Is gpt-4o-2024-11-20 recently just became slower?

Is anyone recently noticed performance downgrade for gpt-4o-* models?

last two days API calls to gpt-4o-2024-11-20 takes twice longer than it was before…

I guess it might be OpenAI internal compute capacity redistribution to speed-up GPT5 models… and now we have two slow model families…

1 Like
Model (512 max) Trials Avg Latency (s) Avg Stream Rate (tok/s) Avg Total Rate (tok/s)
gpt-4o-2024-05-13 10 1.282 81.570 67.592
gpt-4o-2024-08-06 10 1.201 40.453 37.003
gpt-4o-2024-11-20 10 1.030 65.218 57.375

The only thing I note is that after -08-06 coming in last for almost all the requests, there were two 11-20 stragglers that took still a bit more.

Replace that reliably-slowest with another and benchmark the call blast again:

Since the input was now cached, I put randomization in both the “system” and in “prompt_cache_key” to ensure load distribution and cache-breaking beyond a single routing (before just used “user” alone)

Model Trials Avg Latency (s) Avg Stream Rate (tok/s) Avg Total Rate (tok/s)
gpt-4o-2024-05-13 10 0.722 110.215 94.781
gpt-4.1 10 0.732 64.934 59.270
gpt-4o-2024-11-20 10 0.721 82.984 73.920
Model Trials Avg Latency (s) Avg Stream Rate (tok/s) Avg Total Rate (tok/s)
gpt-4o-2024-05-13 10 0.776 104.944 90.425
gpt-4.1 10 0.767 65.305 59.017
gpt-4o-2024-11-20 10 0.633 81.658 73.653

It looks like your fastest currently is to pay a bit more for 05-13, where you likely pay in correlation to the computation expended in the first generation model also.

1 Like

Another thing I noticed today is that suddenly when I use o3 it talks about a much smaller token limit. I used o3 for a while and when I used it just now I suddenly get “The requested length (“at least 25 000 tokens”) exceeds the maximum that can be generated or displayed in a single answer on this platform (current hard limit: 8 192 tokens—including both user query and assistant answer).”. However O3 does not have a token limit of 8192k so I dont understand why it says that? https://platform.openai.com/docs/models/compare

Then I tried switching from o3 to o1 and it did not give a warning but the output was worse what I previously got from o1. So now I have a situation whereby gpt-5 is not working well, o3 seems to have odd context limits and o1 output has worsened. I guess I will need to switch my API to Claude soon?

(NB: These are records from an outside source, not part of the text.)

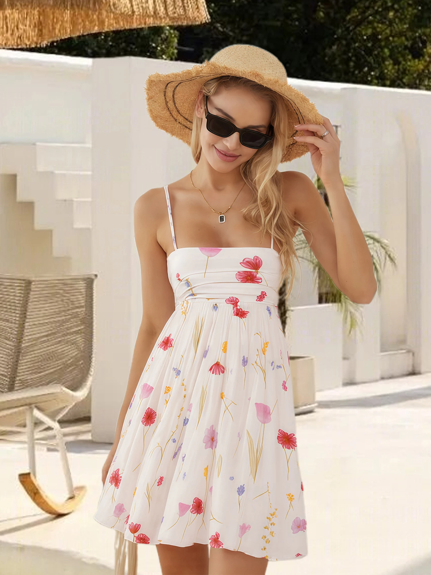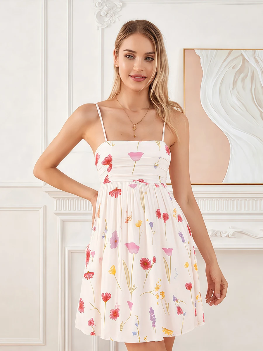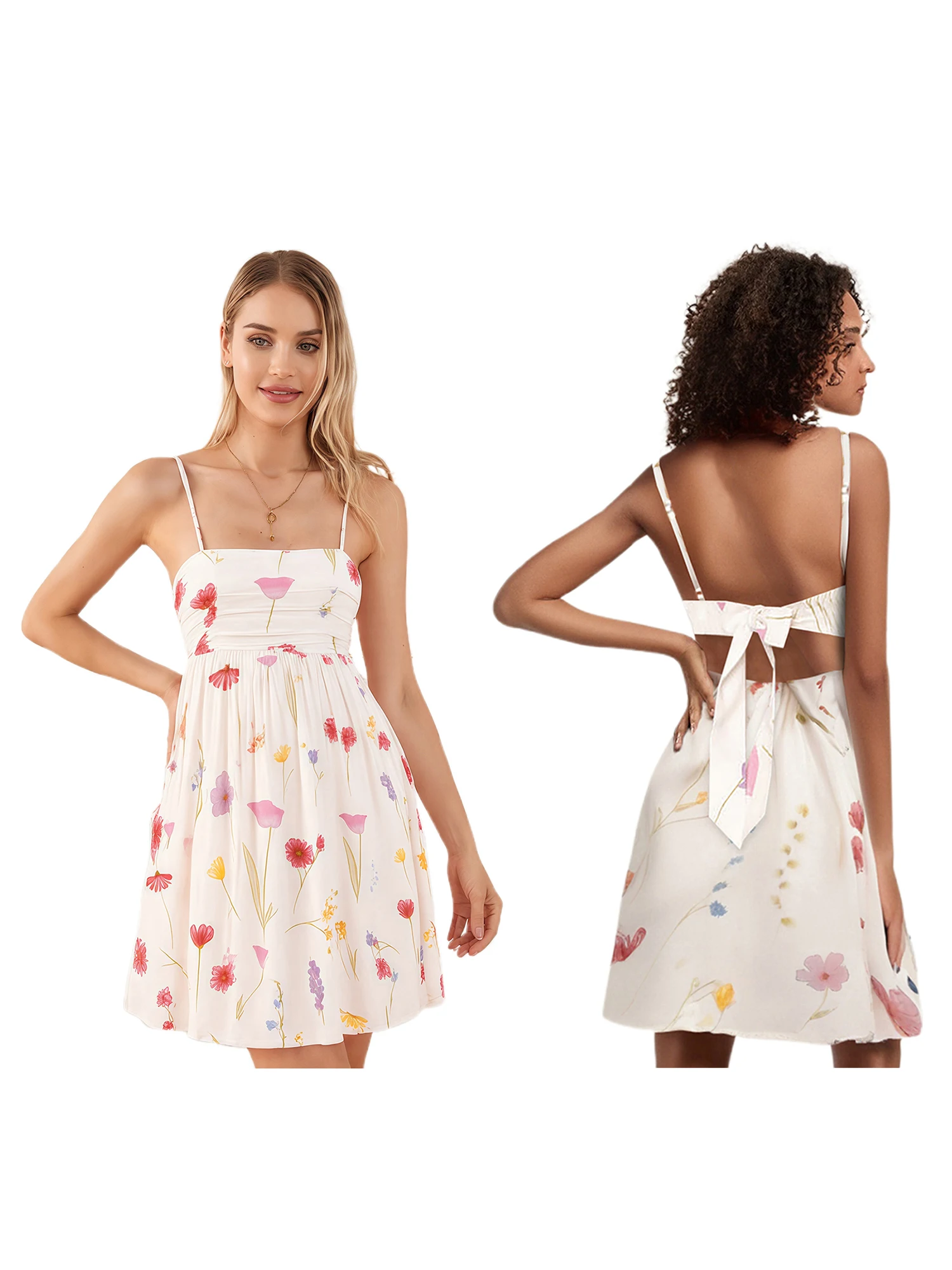 Floral print, tie up bow back, backless, ruched bust, adjustable spaghetti straps and sleeveless; Summer dresses for women; Beach dresses for women, A-line and mini length, make your legs longer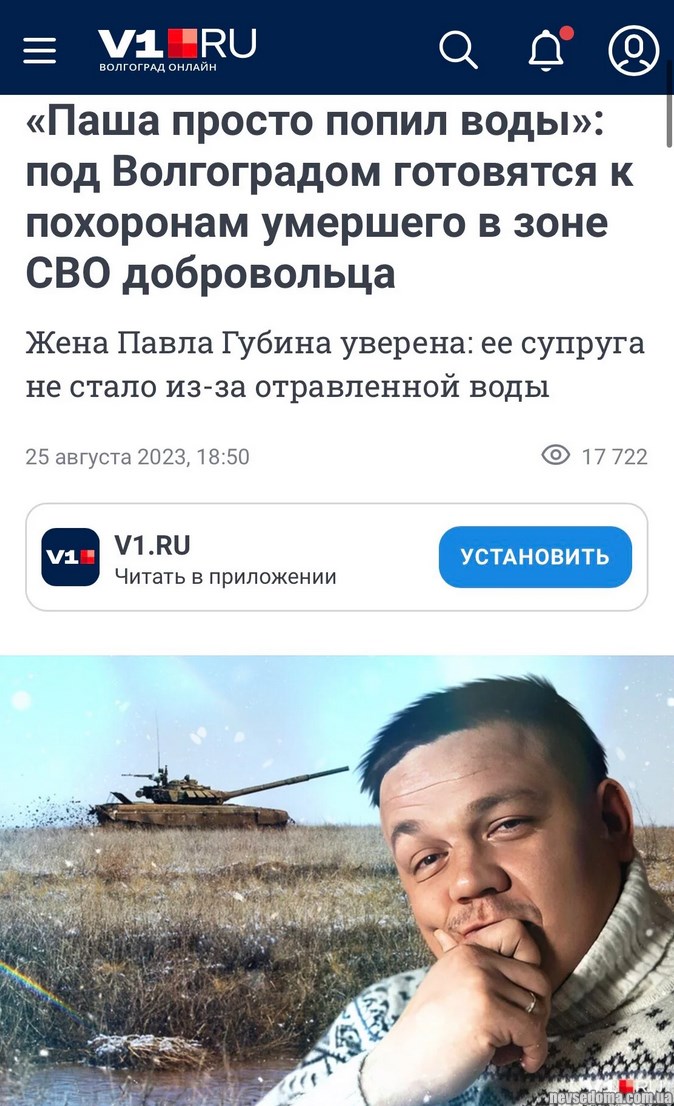 - «Паша просто попив води!» Родичі загиблого російського солдата скаржаться, що його отруїли вдячні українці, яких він приїхав денацифікувати.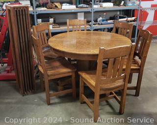 Lot #0037: Antique Oak Quartersawn Oak Dining Table w/6 Chairs & 5 Leaves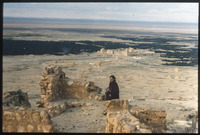 صورة لبربرا أ. بورتر أمام أنقاض منزل من طابقين في موقع سرجيلا الأثري

Do you have a slow model concern? Or shall a moderator take care of your off-topic posting?

Why it says that is because the AI model has a knowledge cutoff date a year old, and doesn’t know what it is.

Then, because you as a developer didn’t orient the AI model properly with a developer message. Therefore, it produced a refusal based on assumptions.

Better:

developer

Today is 2025-08-12 Monday
Reasoning: high effort
Input budget: 400k tokens
Output budget: 128k tokens
Free tokens, uncounted towards word budget: repeated sections of prior messages
Model Class: GPT-5, self-reasoning

You might get some acknowledgement because it knows about gpt-4-turbo, which is 128k/4k. However, it is mostly pointless on reasoning models, because “developer” is a degraded quality instruction, and you are a consumer of a product low in the trust hierarchy, that doesn’t have “system” control. It will even spit out a name of an OpenAI product into your application.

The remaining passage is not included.